**What needs to be done:** In the listing that follows, retype every line from the first through the one containing "Welcome to your". Pictures are to be left out.

************

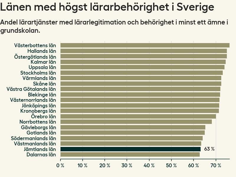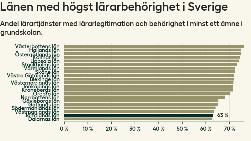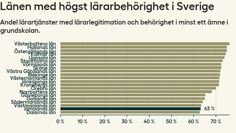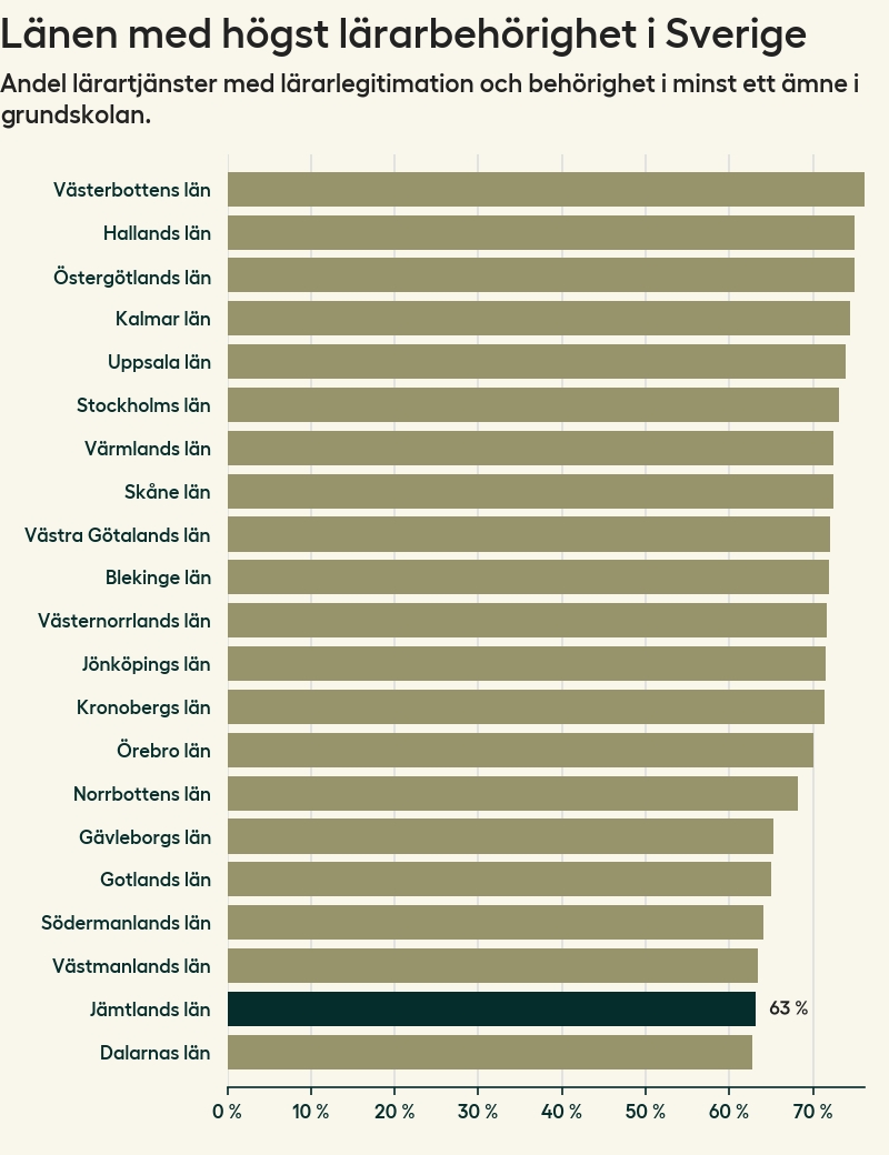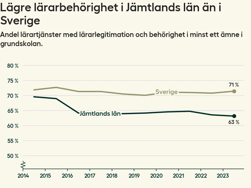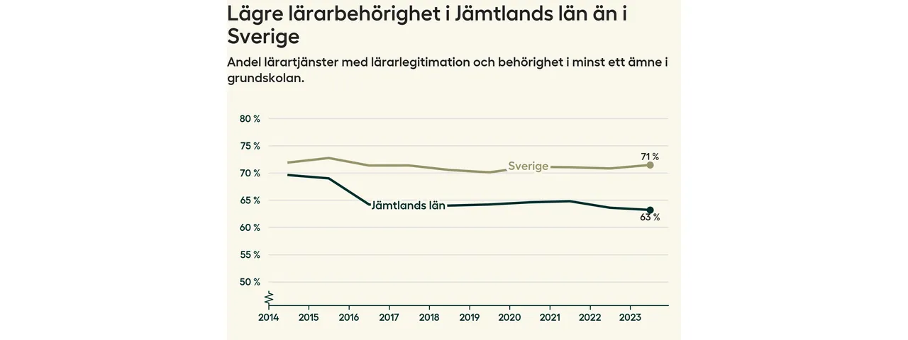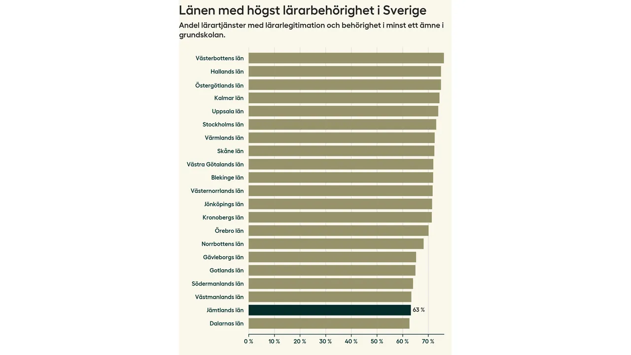 I oktober 2023 hade motsvarande 63 procent av lärarna1 i grundskolan i Jämtlands län lärarlegitimation och behörighet i minst ett ämne. Det innebär att länet har den näst lägsta lärarbehörigheten i hela landet.
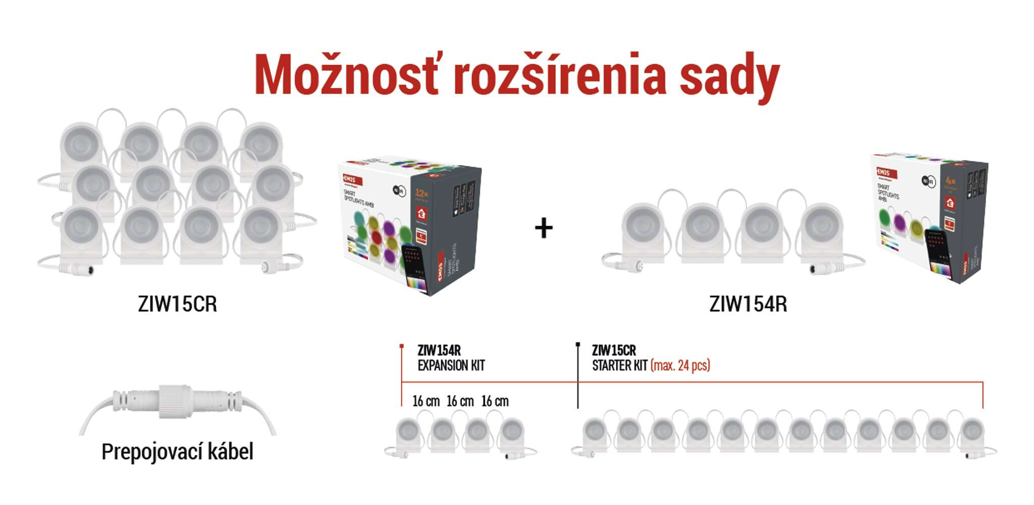 Štartovacia sada (ZIW15CR) obsahuje 12 smart bodových svetiel, s ktorými okamžite navodíte svetelnú atmosféru v každej miestnosti. A pokiaľ potrebujete viac svetla – žiadny problém. Vďaka rozširujúcej sade (ZIW154R) po 4 kusoch môžete celkový počet svetiel navýšiť až na 24. Ideálne riešenie pre osvetlenie celej izby, otvorenej obývačky alebo väčšieho priestoru.
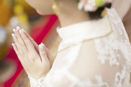 Attractive Thai woman in an ancient Thai dress holds a fresh flowers paying homage to Buddha to make a wish on the traditional Songkran festival in Thailand
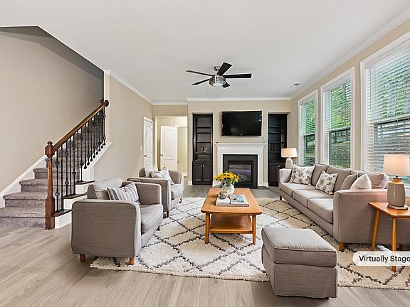 Welcome to your dream home! This property boasts a cozy fireplace, perfect for those chilly evenings. The neutral color paint scheme throughout the house provides a calming atmosphere. The kitchen is a chef's dream with an accent backsplash, all stainless steel appliances, a center island. The primary bedroom features a spacious walk-in closet. The primary bathroom is a sanctuary with double sinks, and a separate tub and shower for ultimate relaxation. Outside, enjoy a private patio and a fenced-in backyard, perfect for entertaining. This home is a must-see! This home has been virtually staged to illustrate its potential.
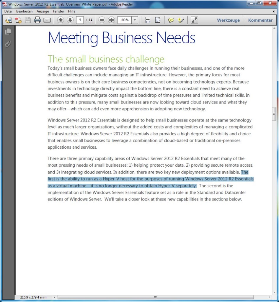 Das sind doch mal gute Neuerungen vor allem für kleine Installationen: Mit dem kommende R2 Release des Windows Server 2012 Essentials ändert Microsoft die Rechte. Zum einen darf und kann die Hyper-V Rolle installiert werden bzw. führt ein Assistent durch die Einrichtung der Virtualisierung, zum anderen darf die gleiche Lizenz unter Verwendung eines Product Keys für AVMA einmal zum Betrieb einer virtuellen Maschine verwendet werden.
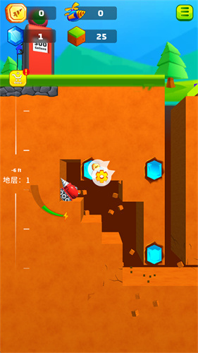 地面挖掘机内置菜单破解版是一款卡通风格的地面挖掘游戏,结合有趣的背景音乐,给玩家带了不一样的游戏体验。游戏中玩家要拖动自己的红色挖掘机,从地面向地底深处进行挖掘,在挖掘的过程中,可能会遇到宝石矿,玩家可以收集换取资金,升级自己的挖掘机设备。挖掘机的钻头变热时,要停下休息不然挖掘速度会变慢,玩家还可以雇佣机器人帮助自己进行挖掘。

************

**Exercise answer:**
 I oktober 2023 hade motsvarande 63 procent av lärarna1 i grundskolan i Jämtlands län lärarlegitimation och behörighet i minst ett ämne. Det innebär att länet har den näst lägsta lärarbehörigheten i hela landet.
 Štartovacia sada (ZIW15CR) obsahuje 12 smart bodových svetiel, s ktorými okamžite navodíte svetelnú atmosféru v každej miestnosti. A pokiaľ potrebujete viac svetla – žiadny problém. Vďaka rozširujúcej sade (ZIW154R) po 4 kusoch môžete celkový počet svetiel navýšiť až na 24. Ideálne riešenie pre osvetlenie celej izby, otvorenej obývačky alebo väčšieho priestoru.
 Attractive Thai woman in an ancient Thai dress holds a fresh flowers paying homage to Buddha to make a wish on the traditional Songkran festival in Thailand
 Welcome to your dream home! This property boasts a cozy fireplace, perfect for those chilly evenings. The neutral color paint scheme throughout the house provides a calming atmosphere. The kitchen is a chef's dream with an accent backsplash, all stainless steel appliances, a center island. The primary bedroom features a spacious walk-in closet. The primary bathroom is a sanctuary with double sinks, and a separate tub and shower for ultimate relaxation. Outside, enjoy a private patio and a fenced-in backyard, perfect for entertaining. This home is a must-see! This home has been virtually staged to illustrate its potential.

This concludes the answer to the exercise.